• TASK OBJECTIVE
Output exactly the lines of the listing below that run from the line with "钢琴谱:Flower Dance【C调】-Dj Okawari 花之舞" through the line with "Selamat kepada Member". No pictures.

• DATASET ENTRIES

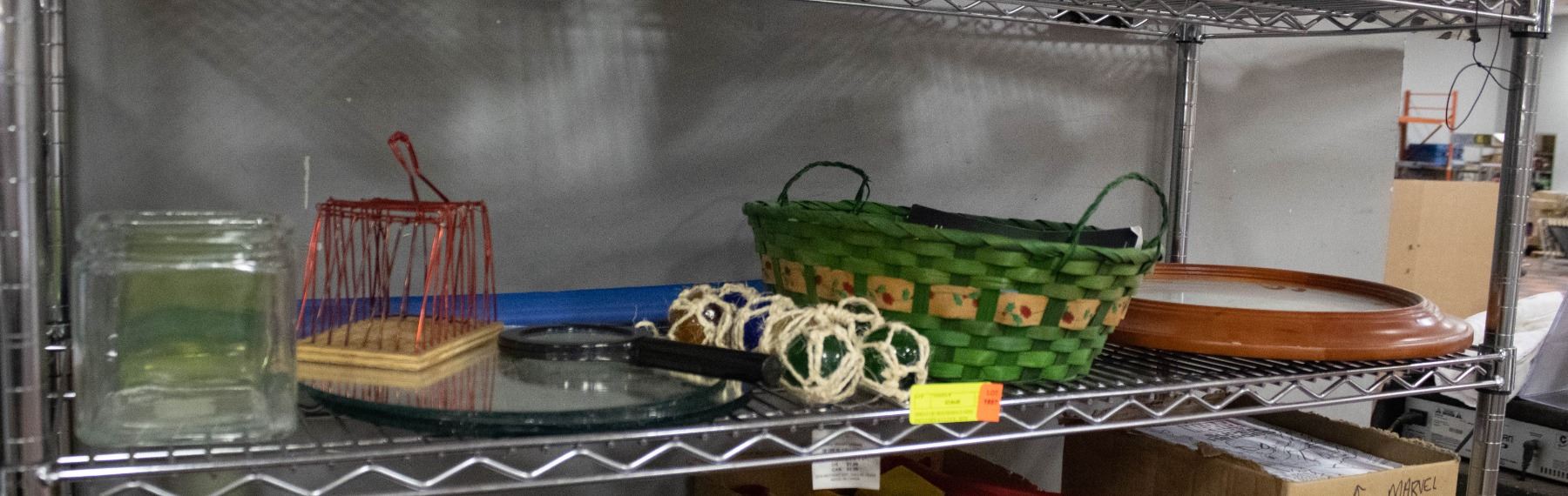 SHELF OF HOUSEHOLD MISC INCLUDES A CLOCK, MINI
---
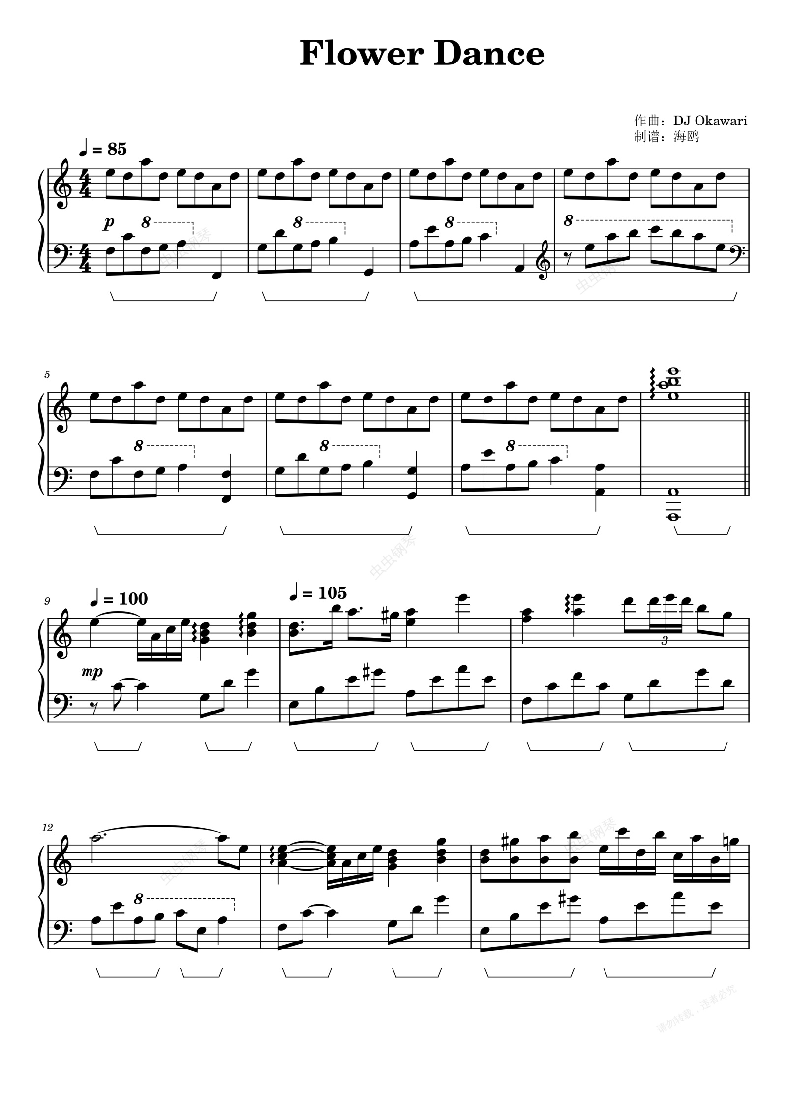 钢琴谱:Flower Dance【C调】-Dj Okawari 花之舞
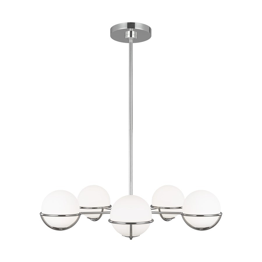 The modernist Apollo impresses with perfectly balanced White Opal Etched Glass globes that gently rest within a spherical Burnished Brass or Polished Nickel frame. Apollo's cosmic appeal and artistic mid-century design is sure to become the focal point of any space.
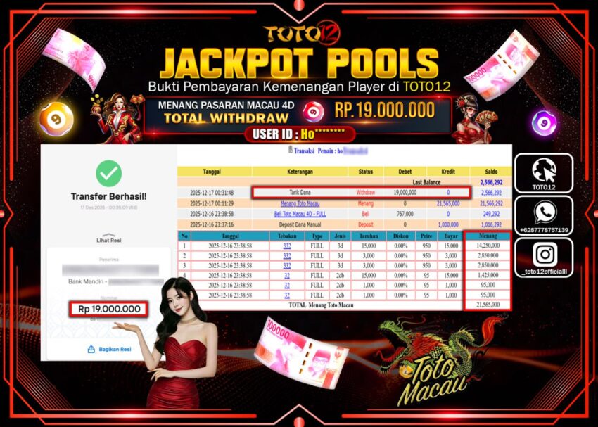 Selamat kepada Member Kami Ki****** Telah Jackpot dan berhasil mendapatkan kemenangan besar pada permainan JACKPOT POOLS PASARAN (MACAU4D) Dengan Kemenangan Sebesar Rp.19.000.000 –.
---
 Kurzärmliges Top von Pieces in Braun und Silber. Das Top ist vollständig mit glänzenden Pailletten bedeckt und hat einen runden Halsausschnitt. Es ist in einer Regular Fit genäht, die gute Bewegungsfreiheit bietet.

• ANSWER FOR THE TASK
 钢琴谱:Flower Dance【C调】-Dj Okawari 花之舞
 The modernist Apollo impresses with perfectly balanced White Opal Etched Glass globes that gently rest within a spherical Burnished Brass or Polished Nickel frame. Apollo's cosmic appeal and artistic mid-century design is sure to become the focal point of any space.
 Selamat kepada Member Kami Ki****** Telah Jackpot dan berhasil mendapatkan kemenangan besar pada permainan JACKPOT POOLS PASARAN (MACAU4D) Dengan Kemenangan Sebesar Rp.19.000.000 –.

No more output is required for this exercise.